**TRY IT:** Without pictures, repeat the lines of the entries from the one containing "Fiecare pictură spune" through the last, both ends included, and nothing else.

**MATERIAL SUPPLIED:**
'''

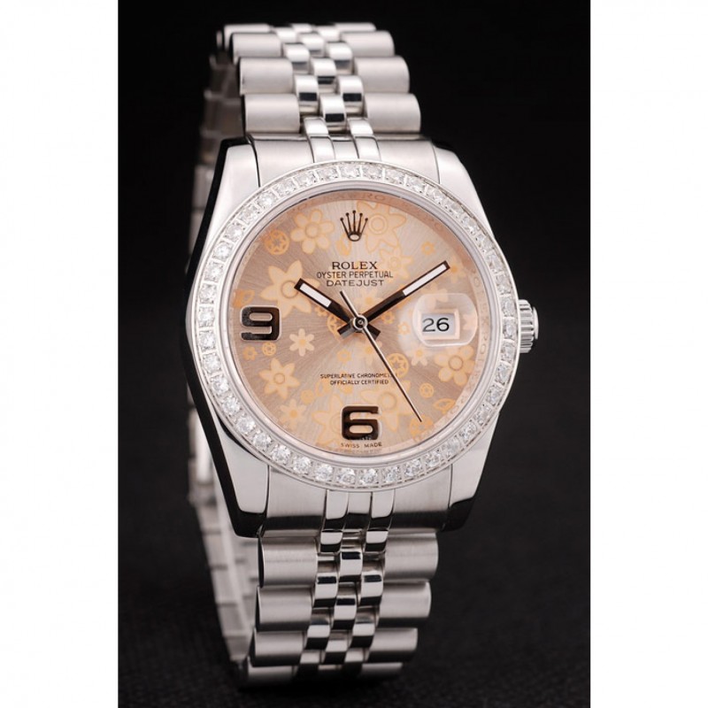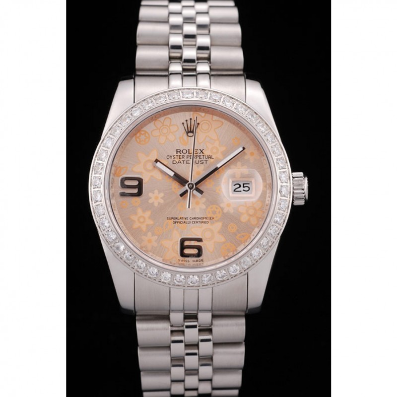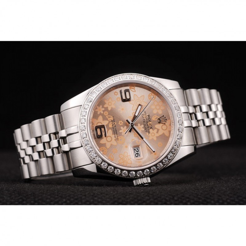 Rolex Daytona acero inoxidable cepillado caja anaranjada Flores Dial diamantes niquelados
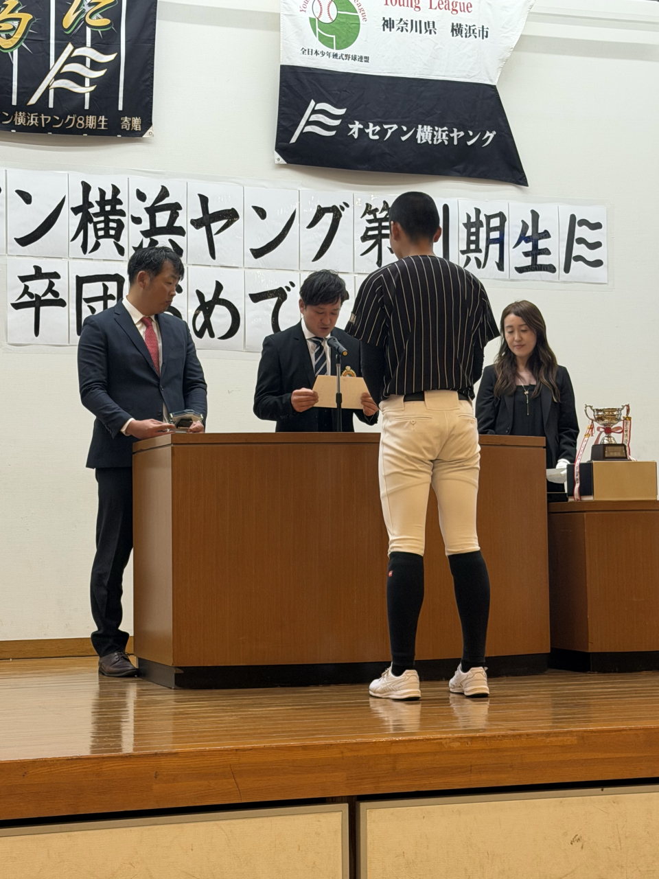 在団生代表による送辞、卒団生代表による答辞では、仲間と過ごした日々への感謝や、支えてくださった保護者・関係者の皆さまへの思いが語られました。また、卒団生から保護者の皆さまへ記念球が贈呈される場面では、これまでの支えに対する感謝の気持ちが伝わり、会場は穏やかな感動に包まれました。
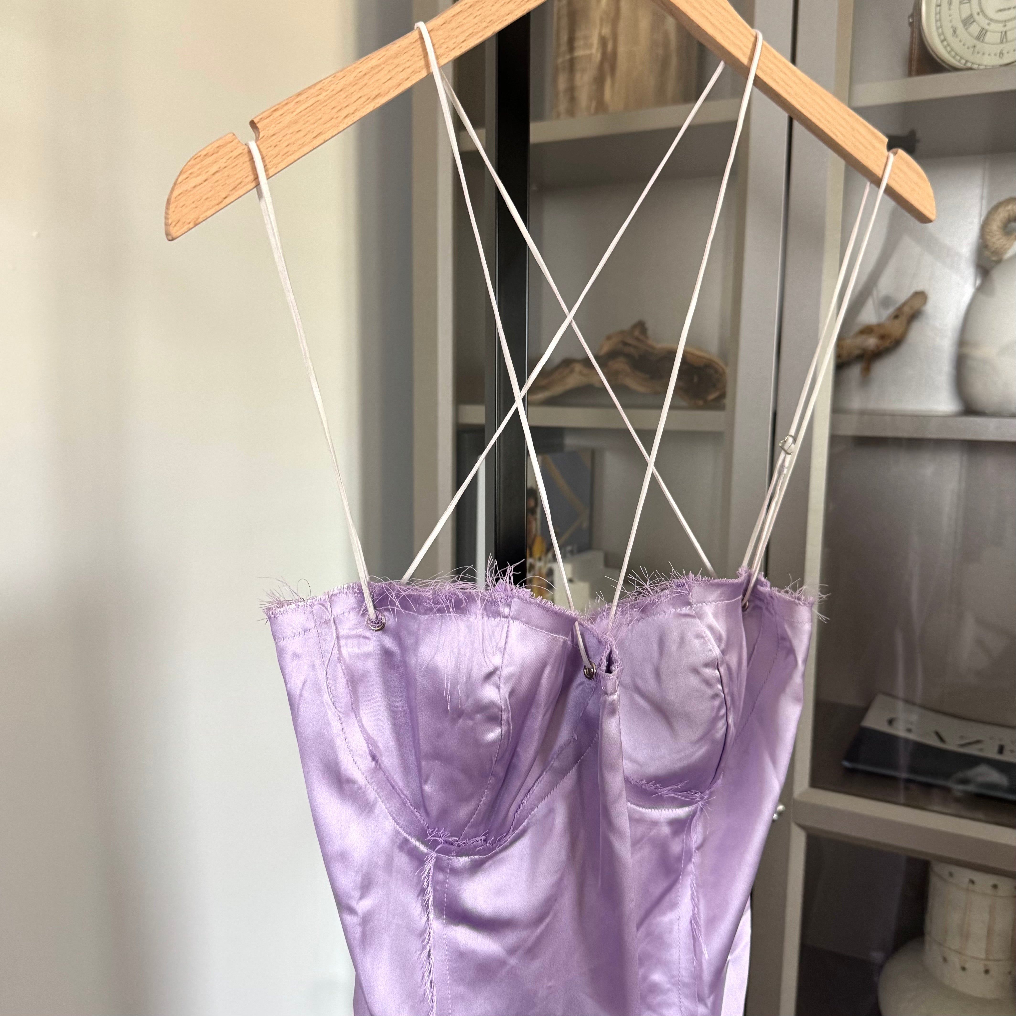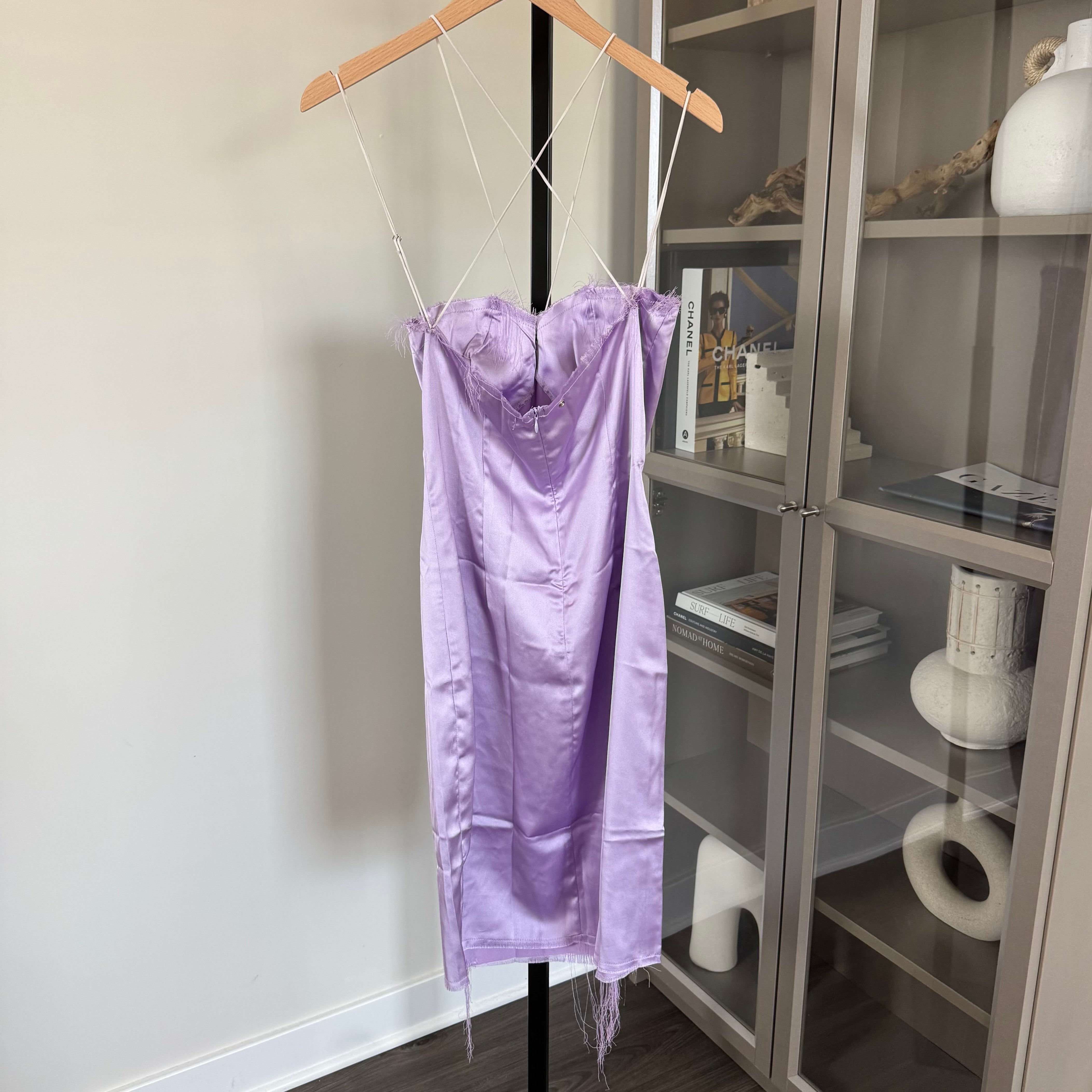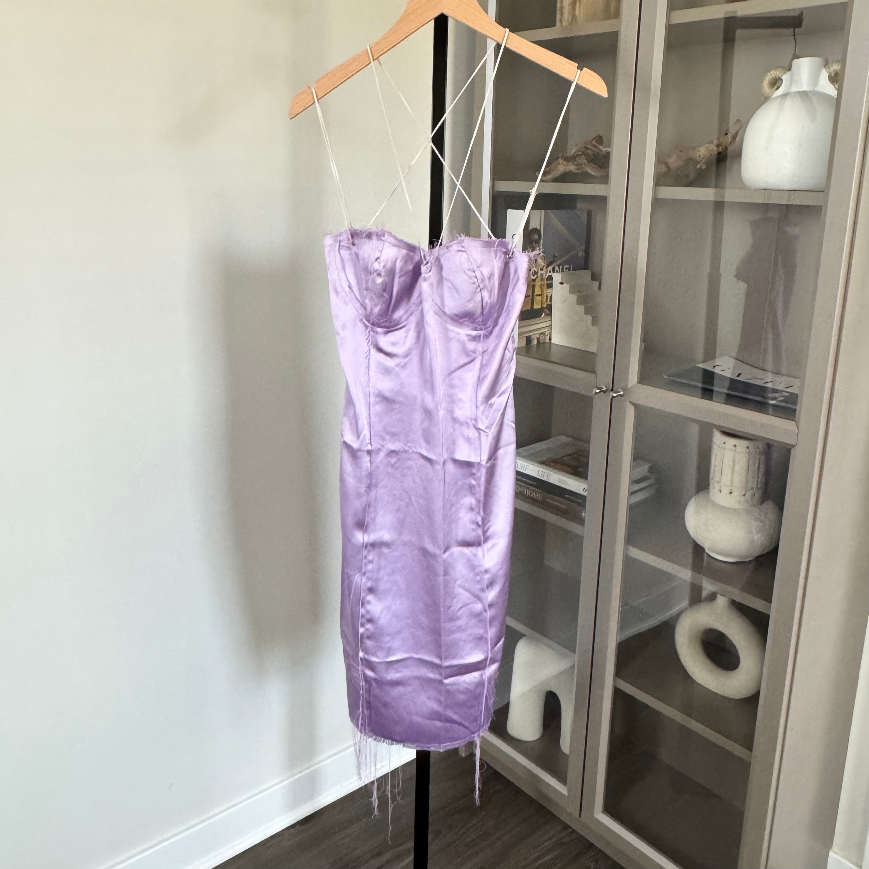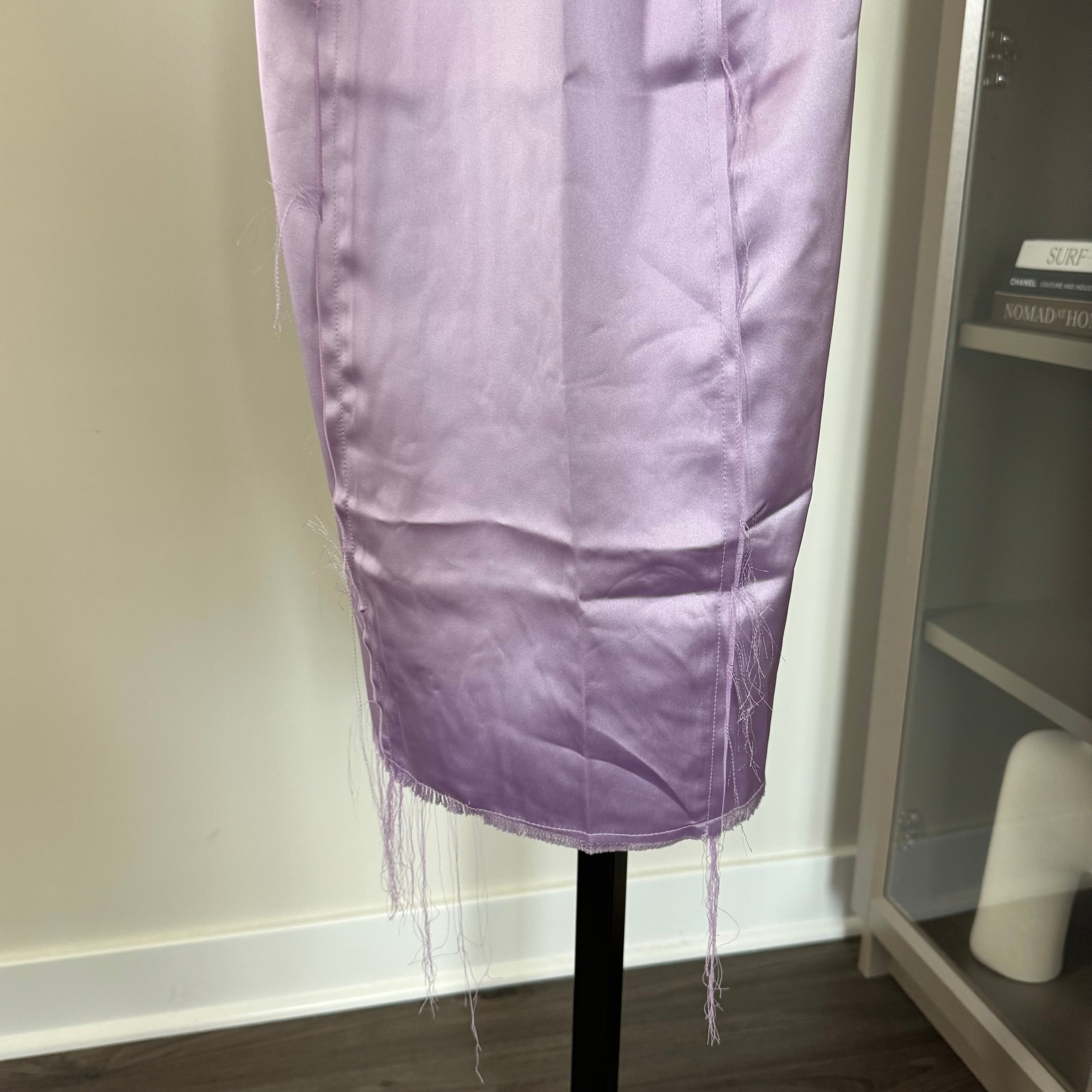Danielle Guizio Lavender Satin Multi-Strap Frayed Bustier Slip Dress
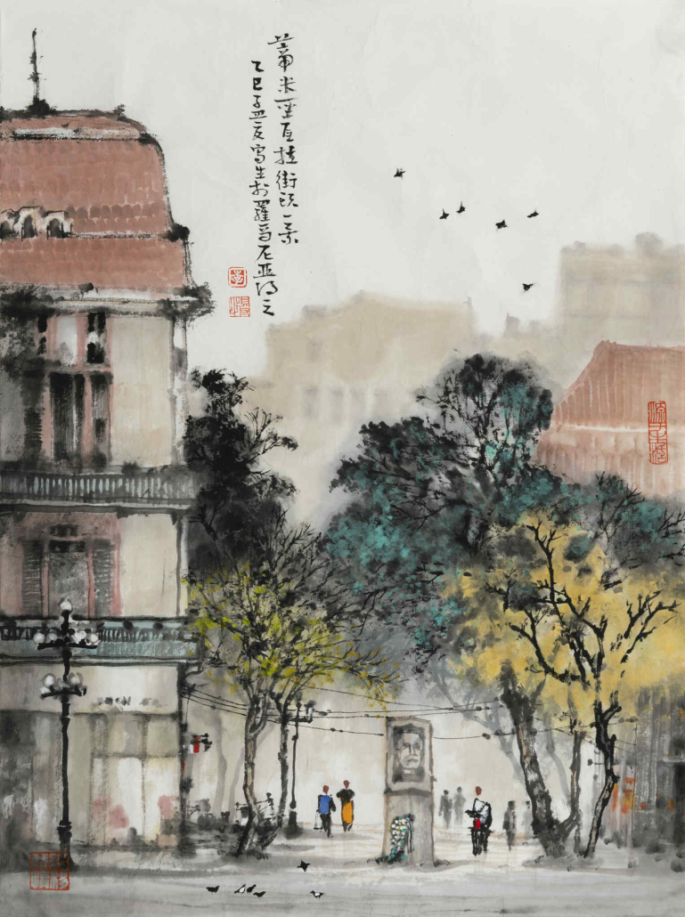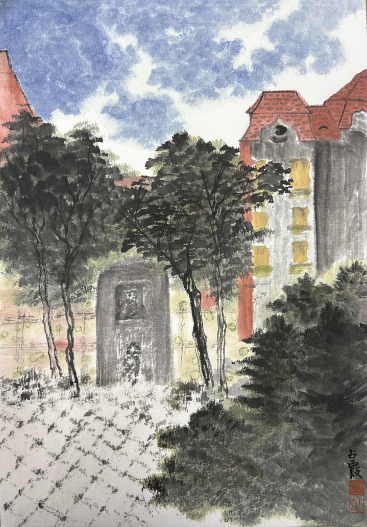 Fiecare pictură spune o poveste vizuală – fie că e vorba de clădirile istorice, umbrele copacilor sau momentele cotidiene, surprinse în stil tradițional chinezesc.
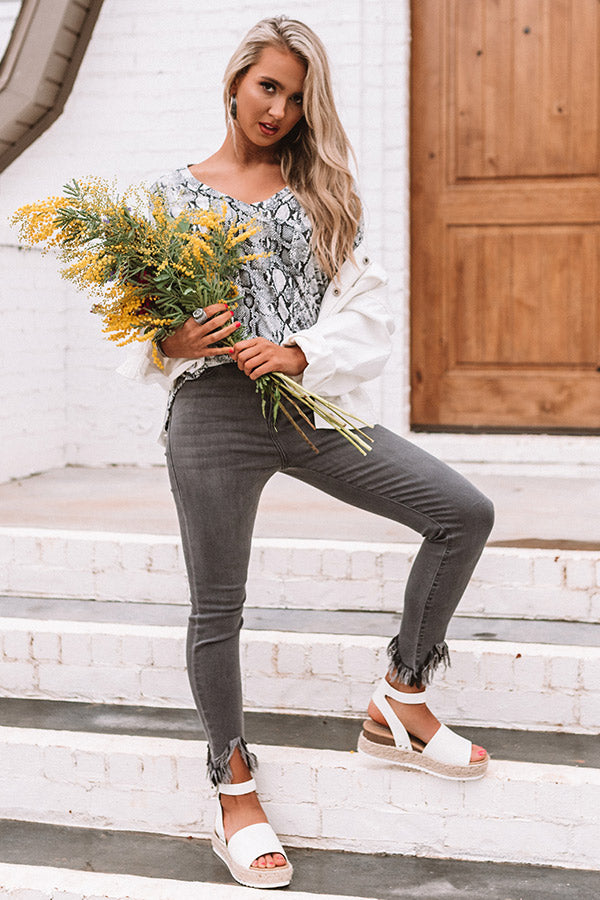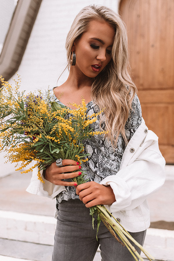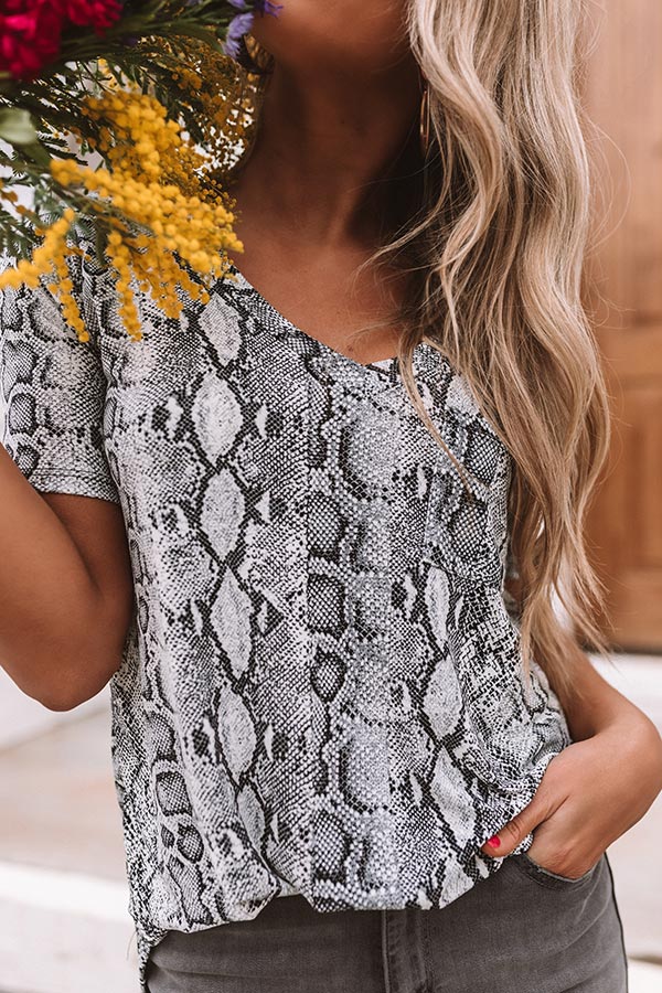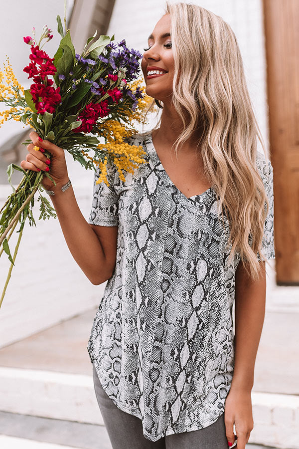 You will look like you live a life in the limelight when you wear this striking shift top featuring soft lightweight material patterned with a grey snake print, a v-cut neckline, short loose sleeves, and a relaxed t-shirt silhouette that falls into a rounded hemline! We have styled this fierce piece with some frayed vintage black skinnies and white espadrille sandals, but you can also wear it with some distressed denim shorts, "The Calum Bootie in Black," and our "Across The Universe Faux Leather Backpack in Black!" Measurements

'''

**WRITTEN REPLY:**
 Fiecare pictură spune o poveste vizuală – fie că e vorba de clădirile istorice, umbrele copacilor sau momentele cotidiene, surprinse în stil tradițional chinezesc.
 You will look like you live a life in the limelight when you wear this striking shift top featuring soft lightweight material patterned with a grey snake print, a v-cut neckline, short loose sleeves, and a relaxed t-shirt silhouette that falls into a rounded hemline! We have styled this fierce piece with some frayed vintage black skinnies and white espadrille sandals, but you can also wear it with some distressed denim shorts, "The Calum Bootie in Black," and our "Across The Universe Faux Leather Backpack in Black!" Measurements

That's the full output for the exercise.